Or, l'assassinat d'Alexandre II, de Lincoln, de Garfield, de Carnot, de Mac Kinley, de l'impératrice Elisabeth, de Nasr ed Din, des rois Humbert et Don Carlos, les crimes terroristes, le massacre
des ouvriers italiens à la Nouvelle-Orléans, le chiffre des meurtres qui croît en Europe d'une manière inquiétante, prouvent que les polices les meilleures sont impuissantes à empêcher les
attentats. Ces comparaisons, soulignées par nos journaux, accroissent l'irritation générale.
*
Enfin l'effet produit par votre ignorance complète de notre cérémonial achève de vous disqualifier. Il nous semble incroyable qu'on puisse ignorer ce qui nous fut enseigné de tout temps.

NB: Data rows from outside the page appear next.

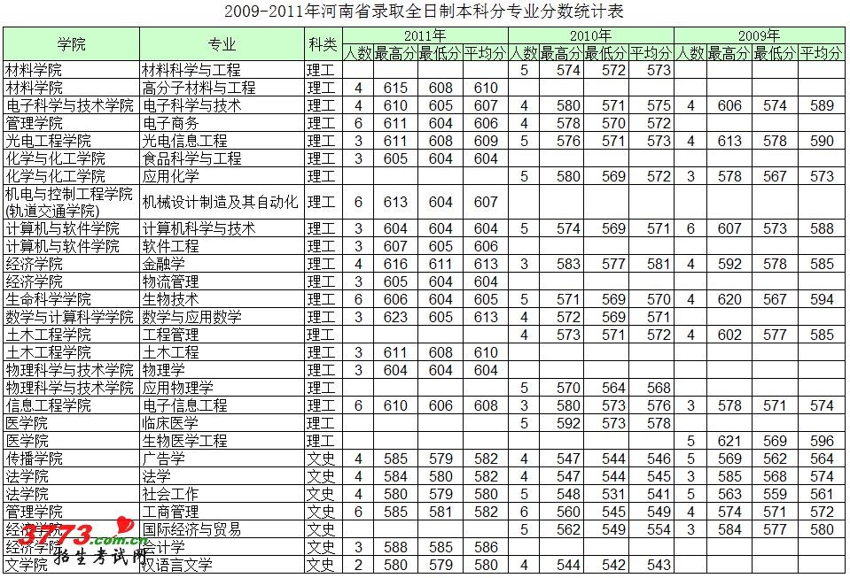 [图文]深圳大学2009年2010年2011年河南录取分数线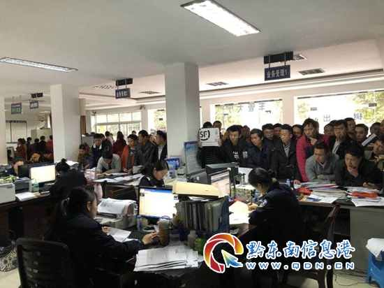 本網訊 (許景珍 記者 田應龍)近日,記者來到岑鞏縣交警隊車管所服務大廳,只見駕駛證、車輛入戶、違法處理等窗口都早已排著長長的隊伍,整個大廳里都擠滿了辦理車管業務的人。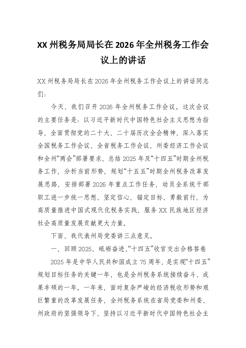 XX州税务局局长在2026年全州税务工作会议上的讲话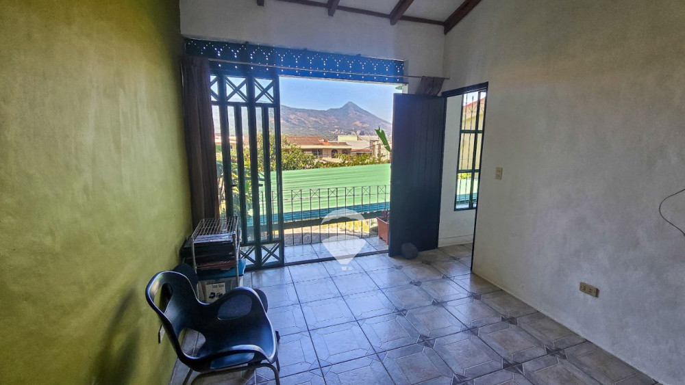 Estudio, baño, sala familiar, 4 habitaciones y 3 baños. La habitación principal con baño privado jacuzzi, walk-in closet y vista al volcán de San Salvador.

Pour moi, qui suis revenu de bien des choses, je me rends un peu compte de ce qui se passe en vous : énervement produit par l'échange de phrases convenues contre d'autres phrases convenues,
mépris d'un code de cérémonial frivole à vos yeux, exagération de la valeur du temps. « Le temps est de l'argent », dites-vous. Sur ce point, comme sur tant d'autres, les fils de Han et les
Occidentaux ne sont pas d'accord : la résultante de l'impatience et de la hâte, au milieu de nous, est une diminution de vitesse.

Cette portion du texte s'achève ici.